------ INPUT DATA

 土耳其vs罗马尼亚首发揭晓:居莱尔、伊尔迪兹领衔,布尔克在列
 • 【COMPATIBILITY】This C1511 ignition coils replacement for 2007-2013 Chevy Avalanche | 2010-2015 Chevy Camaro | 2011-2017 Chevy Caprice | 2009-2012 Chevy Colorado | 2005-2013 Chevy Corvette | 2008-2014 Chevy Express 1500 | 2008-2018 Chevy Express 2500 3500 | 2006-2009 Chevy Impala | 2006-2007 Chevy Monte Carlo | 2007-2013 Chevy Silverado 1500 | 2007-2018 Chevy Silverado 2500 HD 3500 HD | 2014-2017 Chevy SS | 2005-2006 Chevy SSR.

------------
------ INPUT DATA

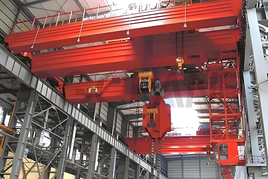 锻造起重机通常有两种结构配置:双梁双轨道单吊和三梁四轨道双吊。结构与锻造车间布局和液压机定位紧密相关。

------------

All that is needed is the exact run of lines above from the line containing "土耳其vs罗马尼亚首发揭晓:居莱尔、伊尔迪兹领衔,布尔克在列" through the line containing "2005-2006 Chevy SSR.", both of them included.

 土耳其vs罗马尼亚首发揭晓:居莱尔、伊尔迪兹领衔,布尔克在列
 • 【COMPATIBILITY】This C1511 ignition coils replacement for 2007-2013 Chevy Avalanche | 2010-2015 Chevy Camaro | 2011-2017 Chevy Caprice | 2009-2012 Chevy Colorado | 2005-2013 Chevy Corvette | 2008-2014 Chevy Express 1500 | 2008-2018 Chevy Express 2500 3500 | 2006-2009 Chevy Impala | 2006-2007 Chevy Monte Carlo | 2007-2013 Chevy Silverado 1500 | 2007-2018 Chevy Silverado 2500 HD 3500 HD | 2014-2017 Chevy SS | 2005-2006 Chevy SSR.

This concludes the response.